[[ Data extract, beginning ]]

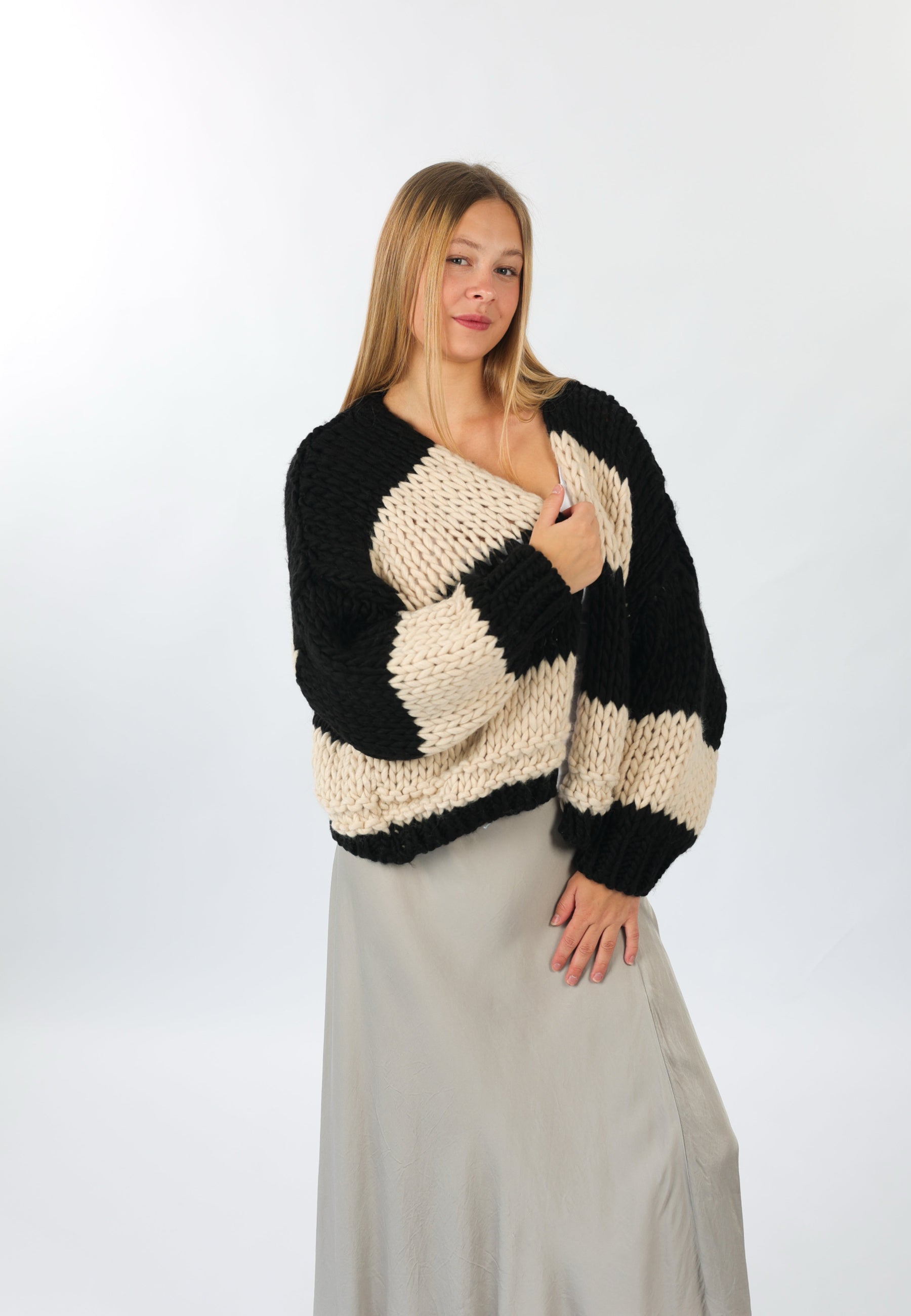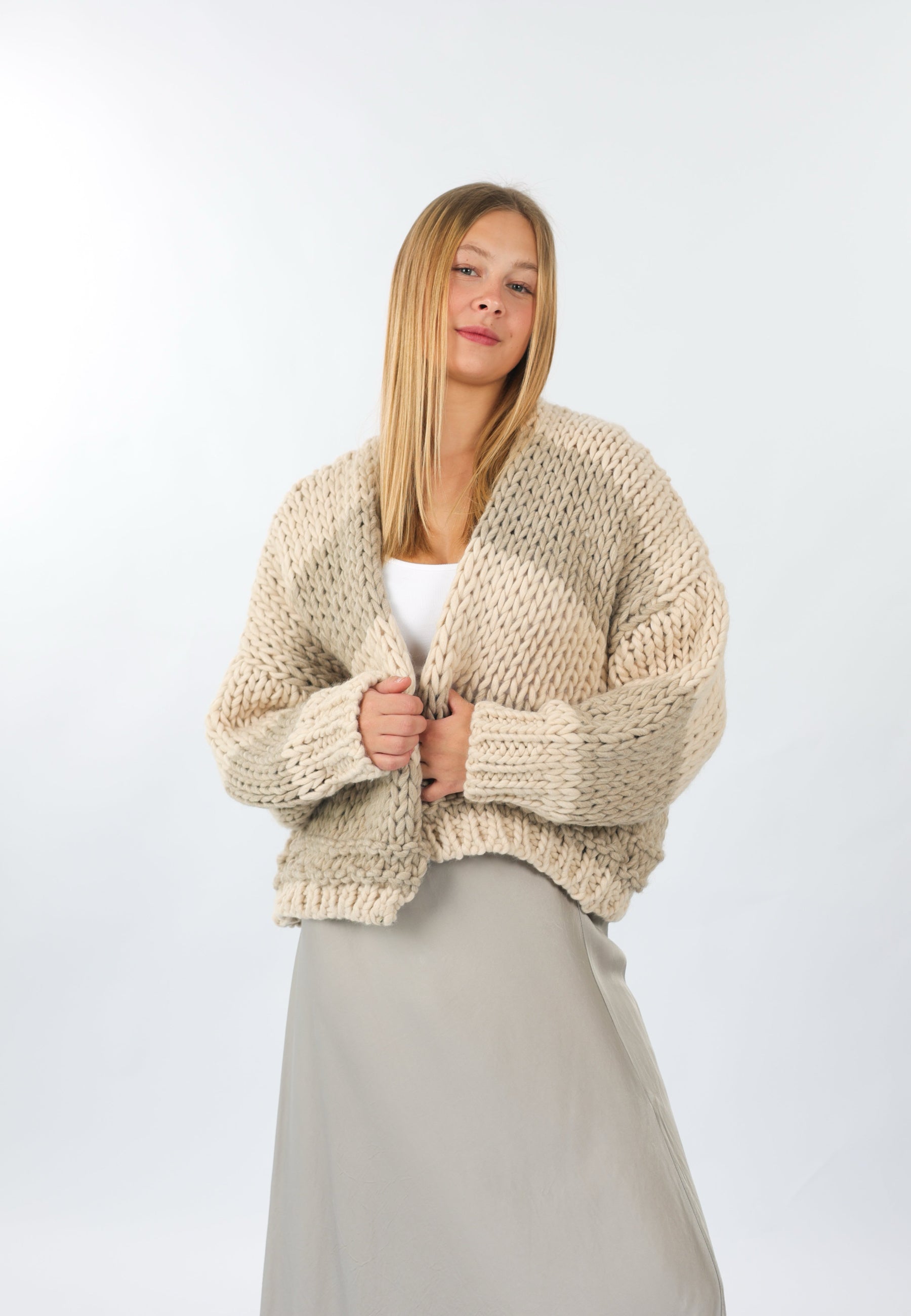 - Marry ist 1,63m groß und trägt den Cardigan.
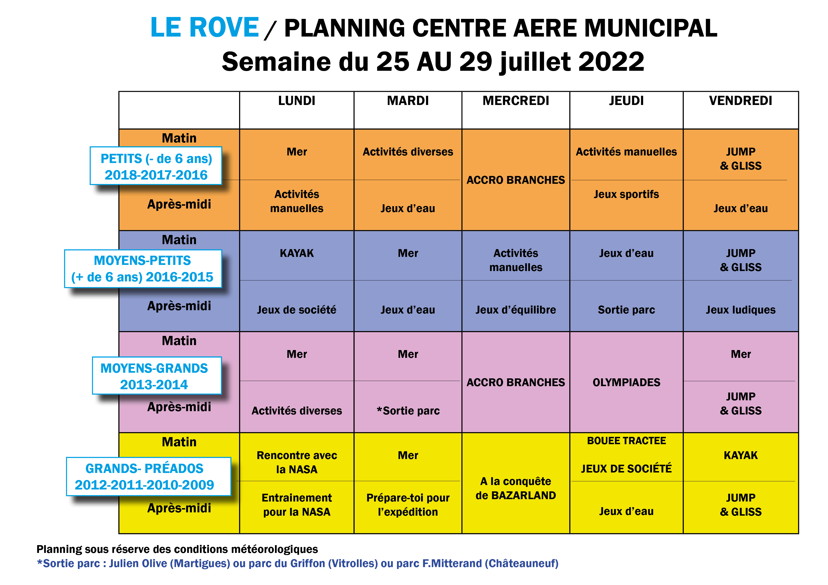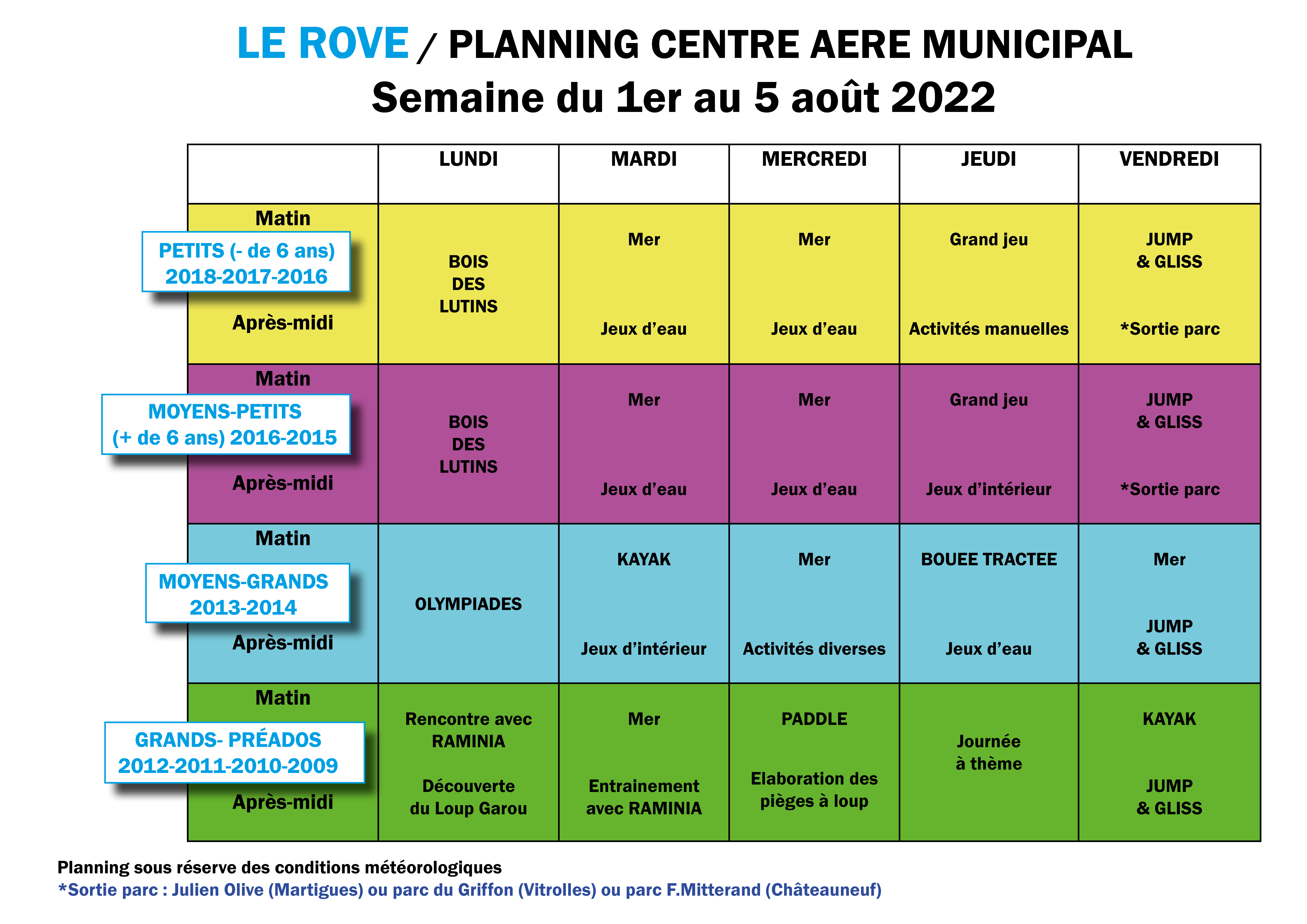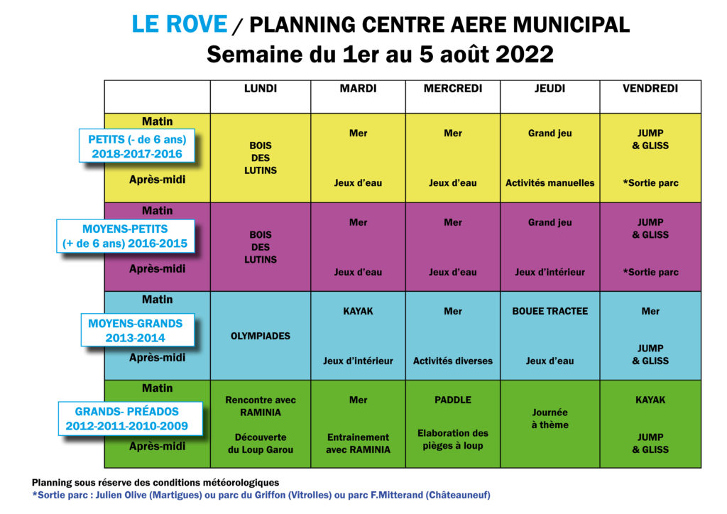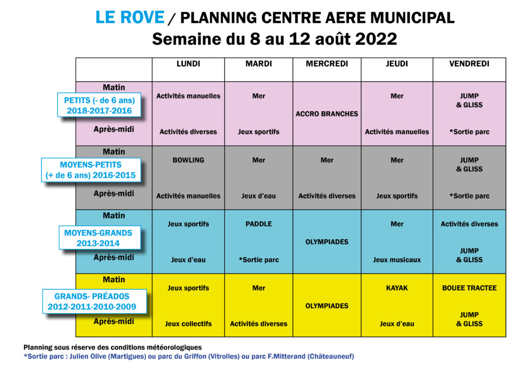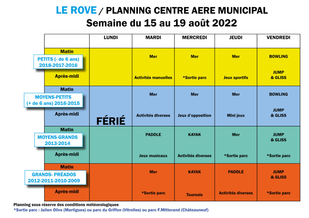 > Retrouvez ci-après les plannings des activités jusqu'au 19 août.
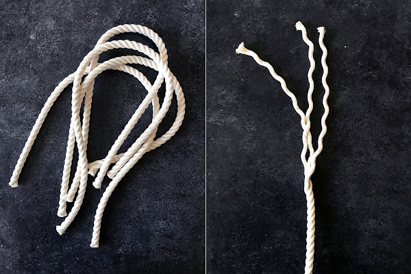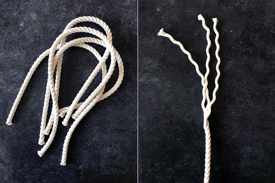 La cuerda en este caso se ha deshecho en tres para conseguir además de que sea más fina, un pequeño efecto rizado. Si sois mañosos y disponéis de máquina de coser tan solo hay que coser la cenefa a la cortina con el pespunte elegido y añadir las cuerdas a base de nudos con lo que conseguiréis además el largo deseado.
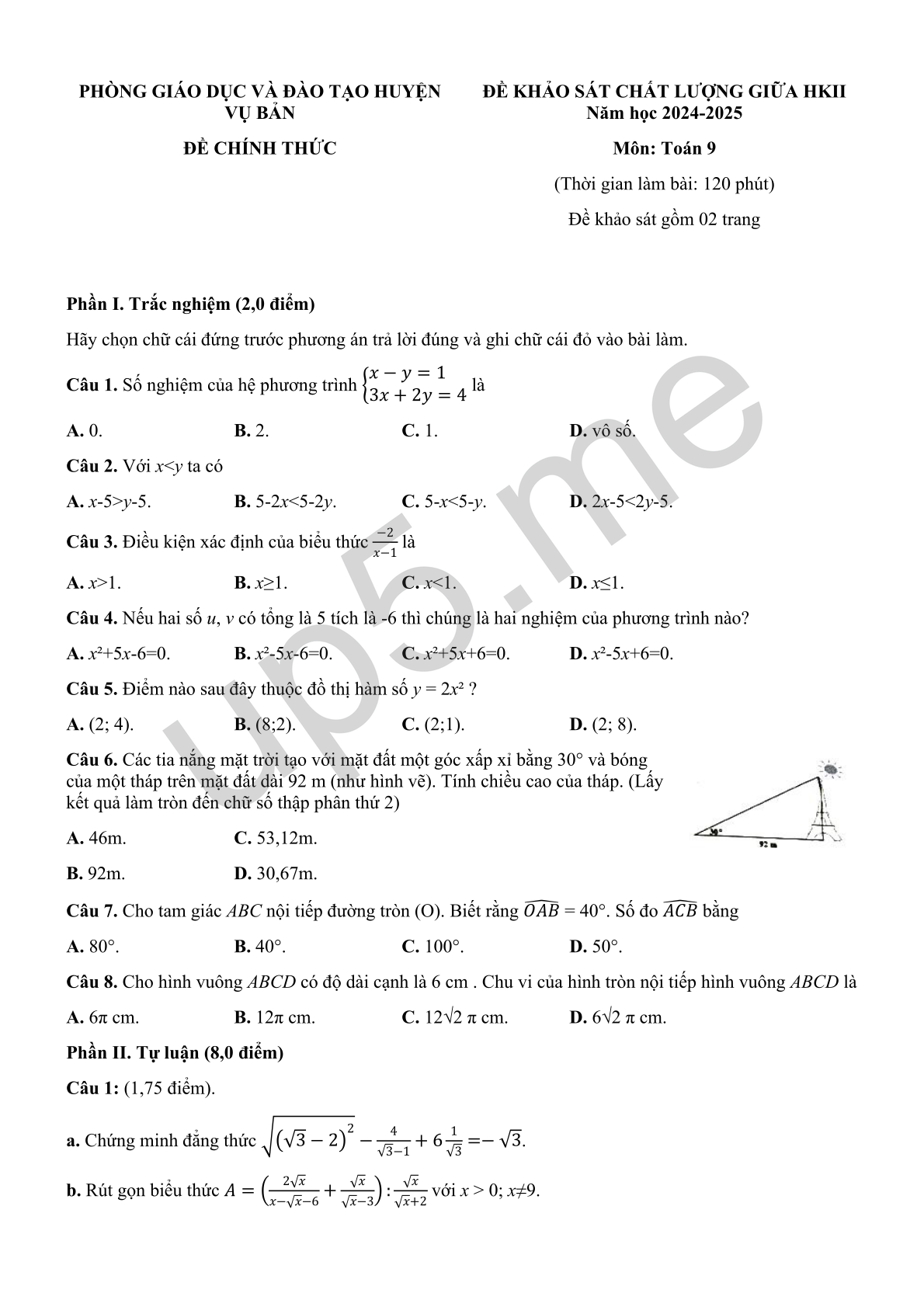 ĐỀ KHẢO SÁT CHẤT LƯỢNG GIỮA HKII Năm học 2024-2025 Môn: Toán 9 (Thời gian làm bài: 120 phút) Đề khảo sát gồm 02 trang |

[[ Data extract, end ]]

* [Task prompt]:
Exact repeat of the material above: every line from the one with "jusqu'au 19 août." through the one with "La cuerda en", endpoints included, and nothing more. No pictures.

* [Response area]:
 > Retrouvez ci-après les plannings des activités jusqu'au 19 août.
 La cuerda en este caso se ha deshecho en tres para conseguir además de que sea más fina, un pequeño efecto rizado. Si sois mañosos y disponéis de máquina de coser tan solo hay que coser la cenefa a la cortina con el pespunte elegido y añadir las cuerdas a base de nudos con lo que conseguiréis además el largo deseado.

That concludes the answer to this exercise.